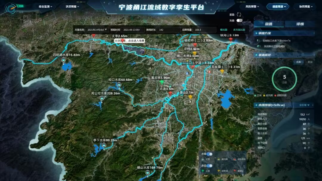 目前,基于寧波甬江流域數(shù)字孿生平臺打造的防洪應(yīng)用已完成“綜合監(jiān)測、洪澇預(yù)報、風(fēng)險預(yù)警、仿真預(yù)演、協(xié)同預(yù)案”5大功能板塊的開發(fā)和“三江堤防、沿海海塘、重點水庫、重要設(shè)施內(nèi)澇”4個“四預(yù)”場景的應(yīng)用。
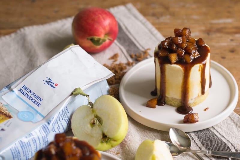En riktig höstbakelse med kardemummabotten, äppelmousse och karamelliserade äpplen på toppen.
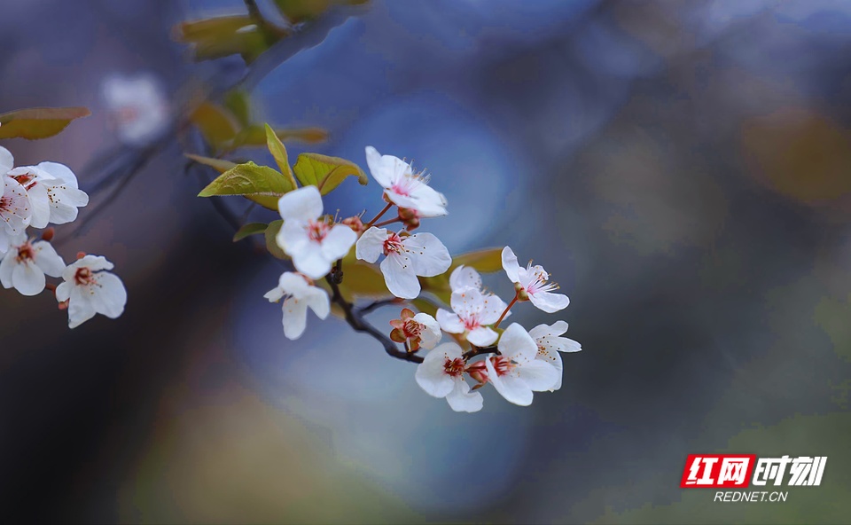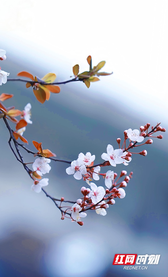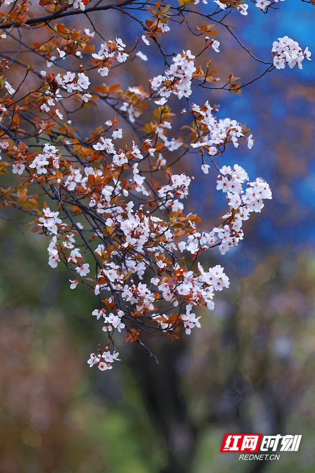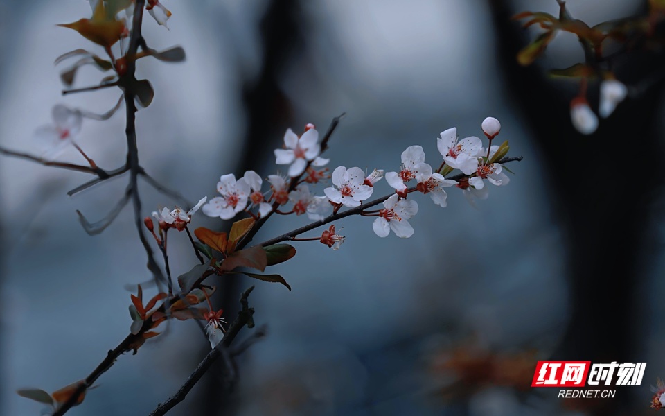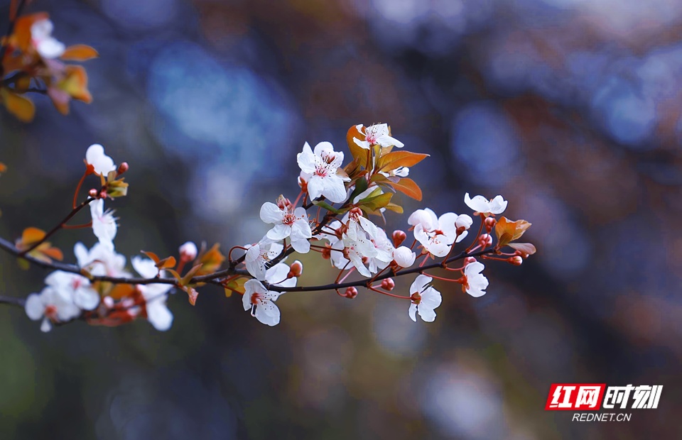 红叶李花迎春绽放。
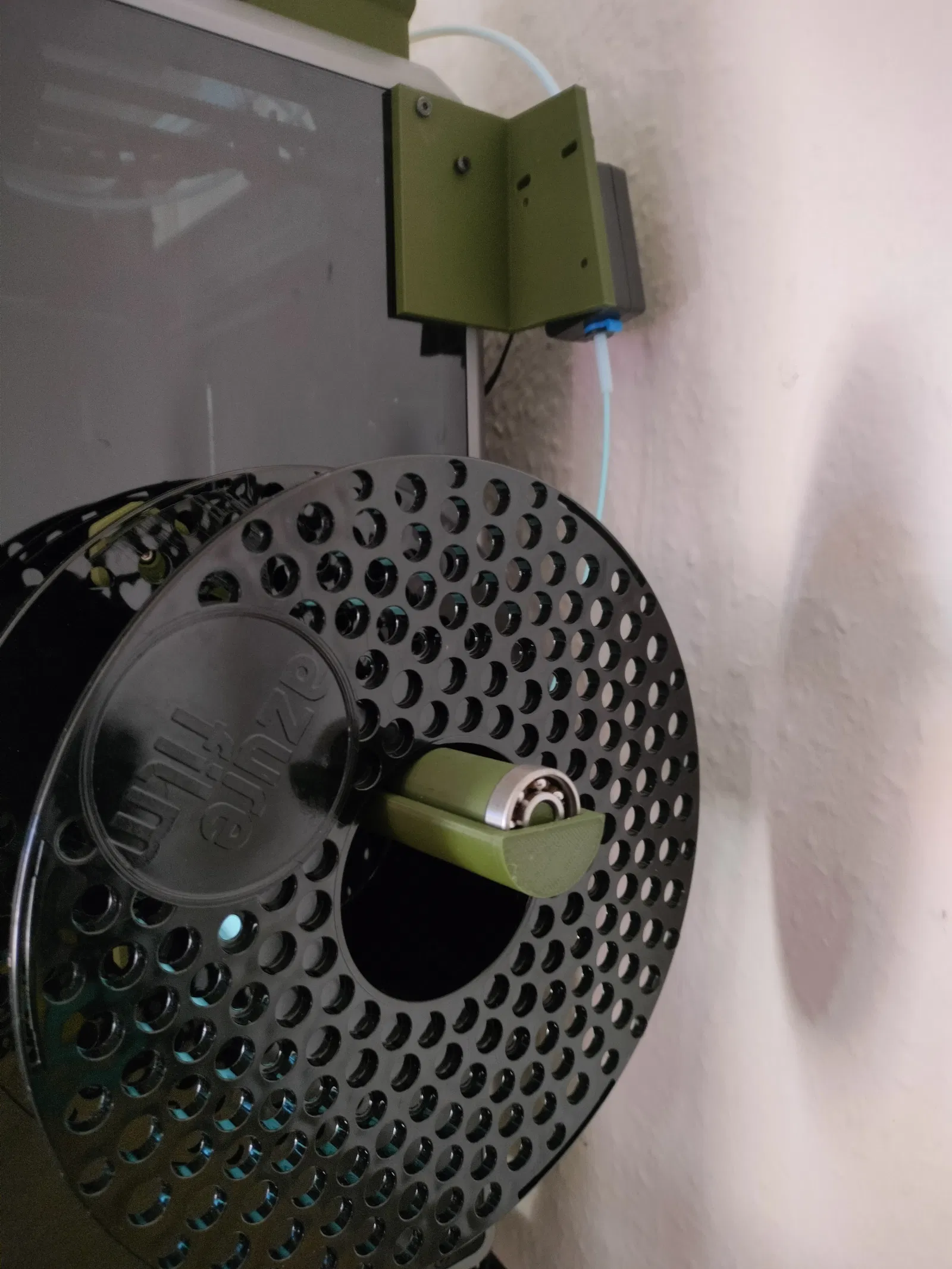 Thiết kế này được làm nghiêng một góc sao cho đường đi của sợi nhựa hướng thẳng về phía giữa cuộn filament. Điều này giúp giảm bớt lực cản khi kéo nhựa, tạo ra đường đi thẳng mượt mà hơn và hạn chế tối đa các đoạn ống Bowden bị uốn cong không cần thiết. Đáng lẽ ra file này nên được nhà sản xuất đính kèm sẵn trong USB khi mua máy.
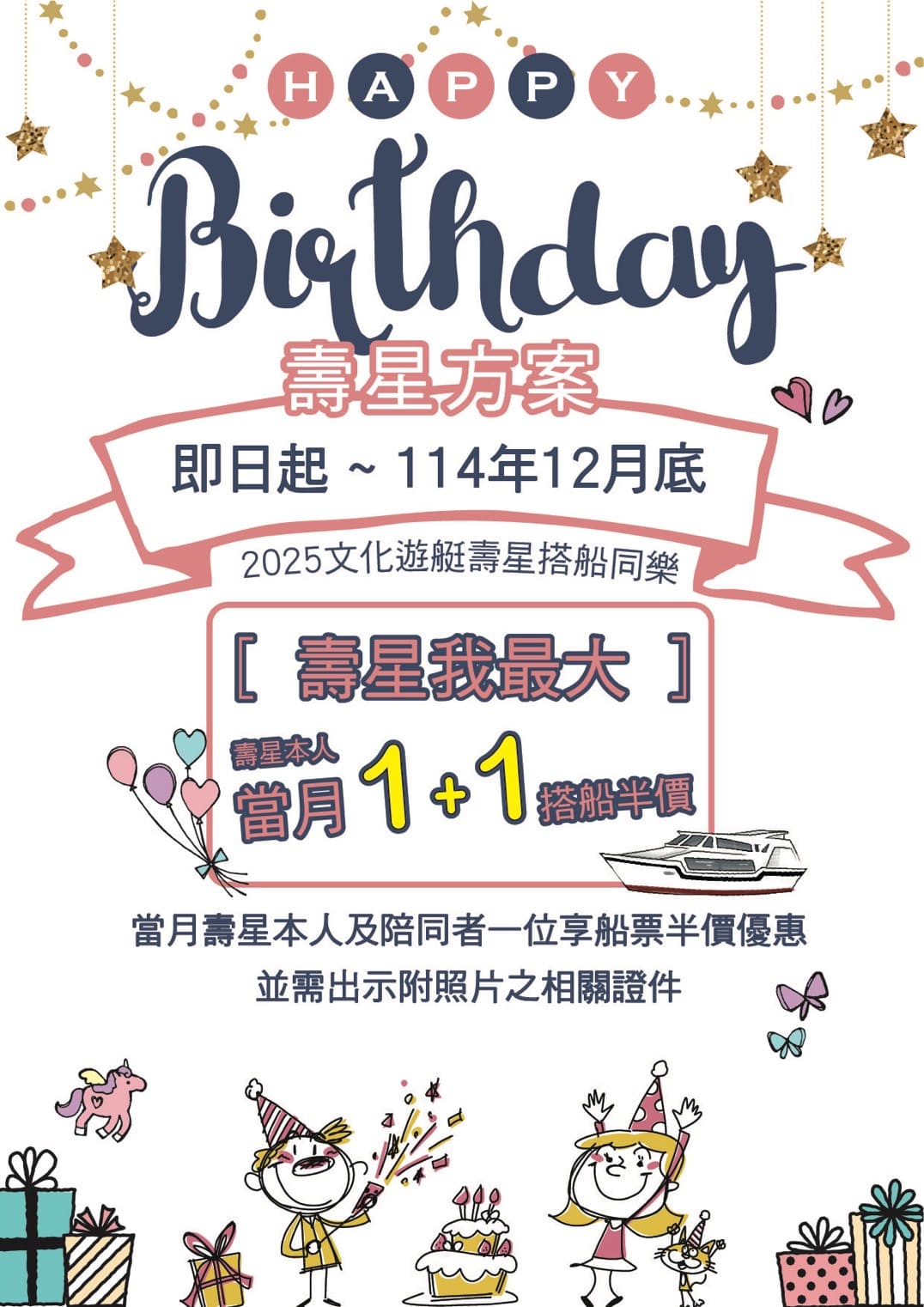 📣文化遊艇【當月壽星!搭船1+1優惠送給你 💕】
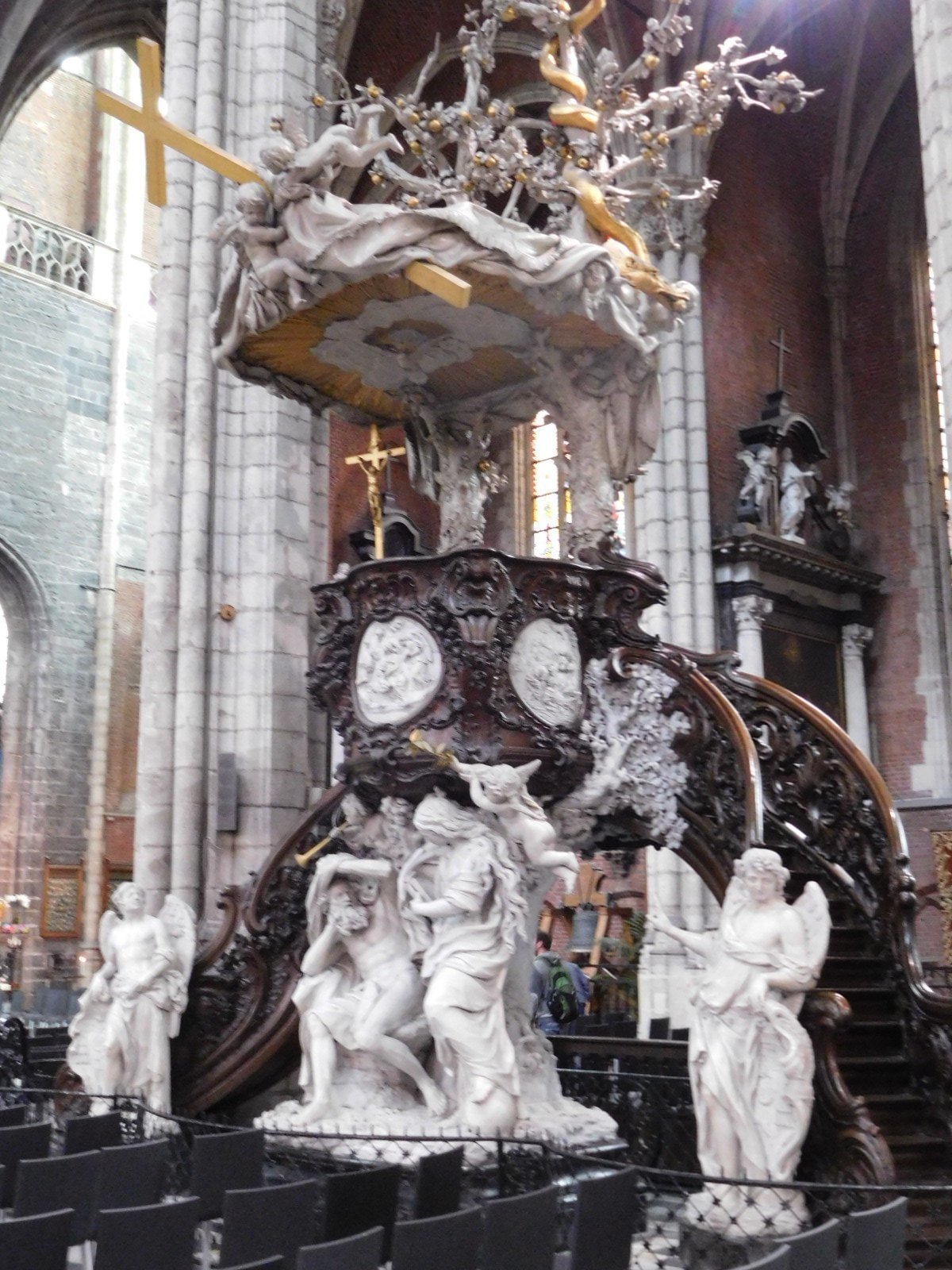 We rolled into the core of Ghent, and were immediately struck by the many towers and fancy buildings. One of the towers, of course, belonged to the cathedral, which is called Saint Bavo's. This church features lots of impressive statuary, and a really elaborate pulpit. A pulpit like that would come in handy for trying to impress anyone with your speech. It's a technology maybe politicians should try.
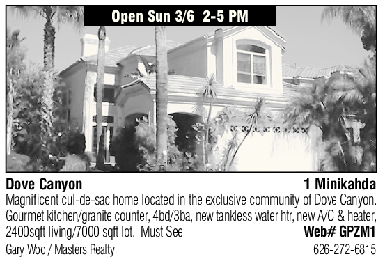 Open Sun 3/6 2-5 PM Dove Canyon 1 Minikahda Magnificent cul-de-sac home located in the exclusive community of Dove Canyon. Gourmet kitchen/granite counter, 4bd/3ba, new tankless water htr, new A/C & heater, 2400sqft living/7000 sqft lot. Must See Web# GPZM1 Gary Woo / Masters Realty 626-272-6815
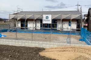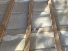 床を貼る準備をしています。 断熱材はウールブレスを使っています。 床材は杉の板を貼ります。
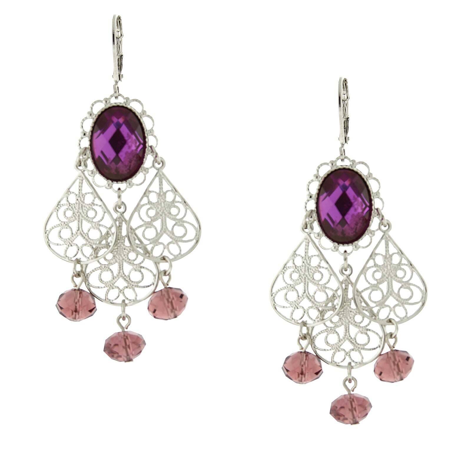 1928 Jewelry Filigree Chandelier Oval Crystal Drop Earrings
++++++
Task description: Although the records contain pictures, print only the rest, exactly as written.

Expected answer:
 目前,基于寧波甬江流域數(shù)字孿生平臺打造的防洪應(yīng)用已完成“綜合監(jiān)測、洪澇預(yù)報、風(fēng)險預(yù)警、仿真預(yù)演、協(xié)同預(yù)案”5大功能板塊的開發(fā)和“三江堤防、沿海海塘、重點水庫、重要設(shè)施內(nèi)澇”4個“四預(yù)”場景的應(yīng)用。
En riktig höstbakelse med kardemummabotten, äppelmousse och karamelliserade äpplen på toppen.
 红叶李花迎春绽放。
 Thiết kế này được làm nghiêng một góc sao cho đường đi của sợi nhựa hướng thẳng về phía giữa cuộn filament. Điều này giúp giảm bớt lực cản khi kéo nhựa, tạo ra đường đi thẳng mượt mà hơn và hạn chế tối đa các đoạn ống Bowden bị uốn cong không cần thiết. Đáng lẽ ra file này nên được nhà sản xuất đính kèm sẵn trong USB khi mua máy.
 📣文化遊艇【當月壽星!搭船1+1優惠送給你 💕】
 We rolled into the core of Ghent, and were immediately struck by the many towers and fancy buildings. One of the towers, of course, belonged to the cathedral, which is called Saint Bavo's. This church features lots of impressive statuary, and a really elaborate pulpit. A pulpit like that would come in handy for trying to impress anyone with your speech. It's a technology maybe politicians should try.
 Open Sun 3/6 2-5 PM Dove Canyon 1 Minikahda Magnificent cul-de-sac home located in the exclusive community of Dove Canyon. Gourmet kitchen/granite counter, 4bd/3ba, new tankless water htr, new A/C & heater, 2400sqft living/7000 sqft lot. Must See Web# GPZM1 Gary Woo / Masters Realty 626-272-6815
 床を貼る準備をしています。 断熱材はウールブレスを使っています。 床材は杉の板を貼ります。
 1928 Jewelry Filigree Chandelier Oval Crystal Drop Earrings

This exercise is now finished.